Raymond Blanc makes a tasty looking stuffed tomatoes starter on Raymond Blanc Kitchen Secrets.
Raymond’s ingredients for the tomato sauce to go with the peppers are: 80-100ml/3-3½fl oz olive oil, 1 white onion, finely chopped, 2 garlic cloves, crushed and sliced, 2 tbsp tomato purée (if the tomatoes are not very ripe), 1kg/2lb 3oz ripe plum tomatoes, roughly chopped, 4 pinches salt, 2 pinches freshly ground black pepper, 3 pinches sugar (optional) and 3 fresh basil leaves.
To prepare the sauce, heat the olive oil in a pan over a medium heat and gently fry the onion and garlic for 3-4 minutes, or until softened but not coloured.
Stir in the tomato purée, if using, and cook for one minute before adding the chopped tomatoes. Season to taste with the salt and freshly ground black pepper.
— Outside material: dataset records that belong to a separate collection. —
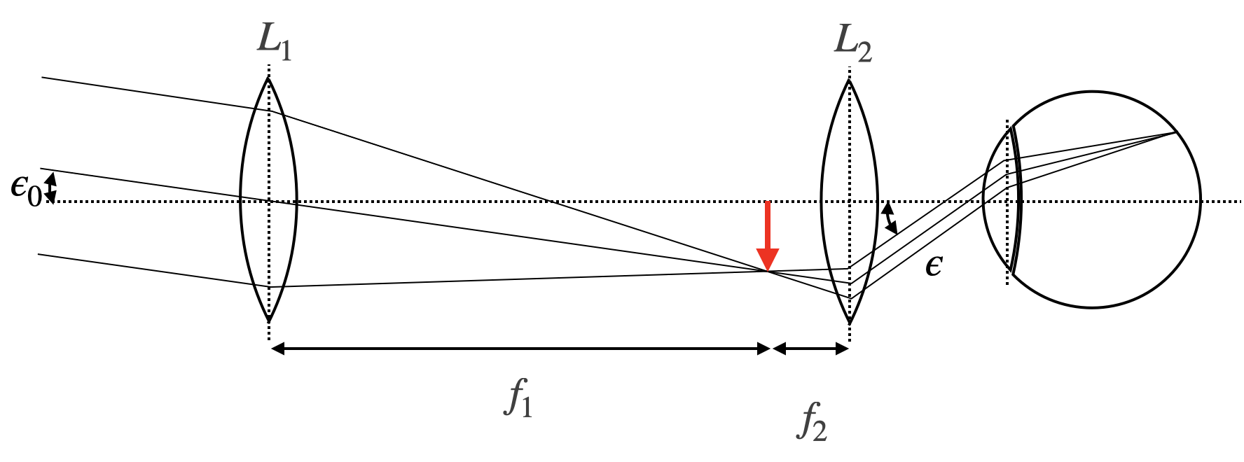 As indicated in the sketch above, the first lens generates an image at the focal length of the first lens. This intermediate image is the magnified by an eye-piece as well acting as a magnifying glass. We may therefore apply the same kind of techniques as earlier for the calculation of the angular magnification. The angle of observation for the object of size \(D\) is given by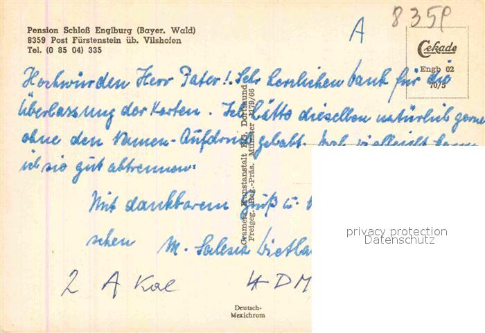 72837264 Fuerstenstein Niederbayern Pension Schloss Englburg Fliegeraufnahme postalisch nicht gelaufen Erhaltung siehe scans [WerneD78] KatCode: 11110009275121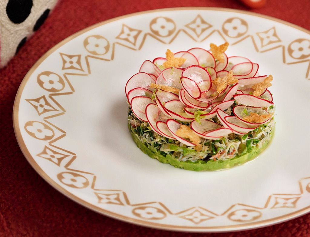 The menu at Le Café Cyril Lignac showcases a delicious range of French dishes, prepared with the finest ingredients. For early risers, the hotel offers a variety of breakfast options, including eggs royale (similar to eggs benedict), croissants, fruit plate, and avocado toast. Dinner and lunch options include crab salad, French sandwiches, beetroot salad, lobster rolls and Caesar salad. For a sweet after-lunch treat, try their Eton Mess, which is a blend of whipped cream, meringue and mango. Of course, all tableware is decorated with the famous Damier Ebene pattern for which the brand is well known.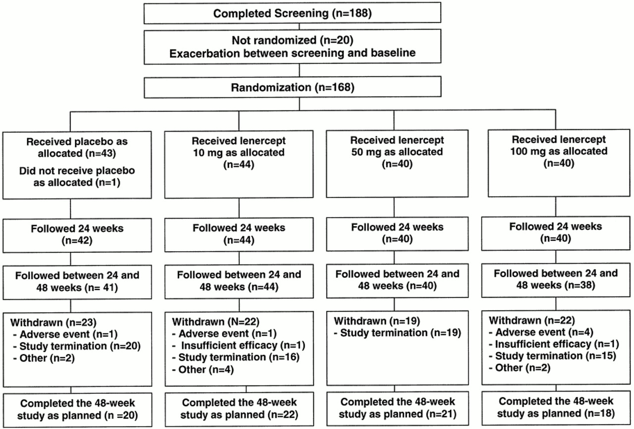 符合条件的患者被随机分配到10、50或100毫克的lenercept或安慰剂,管理第四每4周。研究持续时间是48周,包括24周的双盲治疗期和24周随访期间。168名患者随机分配到治疗的一个病人(随机安慰剂)基线访问之前被确认为不合格的;这个病人没有接受治疗,有一个基线MRI扫描,或者换取随访。167名患者接受了治疗,治疗和研究合规程序非常好。在第一个24周,99%(991/1002)的疫苗接种计划和98%(1303/1336)的MRI扫描设置进行。

Bring to a simmer, then cover with a lid and cook over a low heat for a further 20 minutes. Taste again and correct the seasoning if needed, adding the sugar if necessary. Stir in the basil.
Pass the sauce through a mouli or fine sieve into a pan and set aside until needed.
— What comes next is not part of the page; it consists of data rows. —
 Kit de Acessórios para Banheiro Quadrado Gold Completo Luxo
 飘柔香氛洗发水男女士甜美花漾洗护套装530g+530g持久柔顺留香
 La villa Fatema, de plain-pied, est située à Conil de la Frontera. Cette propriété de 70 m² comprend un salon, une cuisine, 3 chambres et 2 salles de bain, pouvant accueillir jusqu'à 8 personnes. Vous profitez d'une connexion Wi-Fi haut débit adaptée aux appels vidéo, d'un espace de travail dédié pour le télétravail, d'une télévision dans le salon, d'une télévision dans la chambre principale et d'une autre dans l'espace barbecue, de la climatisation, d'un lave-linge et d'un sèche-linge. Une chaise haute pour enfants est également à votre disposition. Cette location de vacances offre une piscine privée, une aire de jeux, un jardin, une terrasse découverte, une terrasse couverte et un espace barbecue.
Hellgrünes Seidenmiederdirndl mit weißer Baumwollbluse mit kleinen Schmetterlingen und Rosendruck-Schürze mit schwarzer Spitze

The ingredients for the stuffed tomatoes are: 4 x 200g ripe tomatoes, 200g minced pork, 60g fresh breadcrumbs, 1 free-range egg yolk, 1 small shallot, finely chopped, 2 garlic cloves, crushed, 2 tbsp roughly chopped fresh flatleaf parsley, 1 sprig fresh tarragon, leaves picked, roughly chopped, 1 tbsp olive oil, plus extra for brushing and drizzling, 60g Comté cheese, and salt and freshly ground black pepper.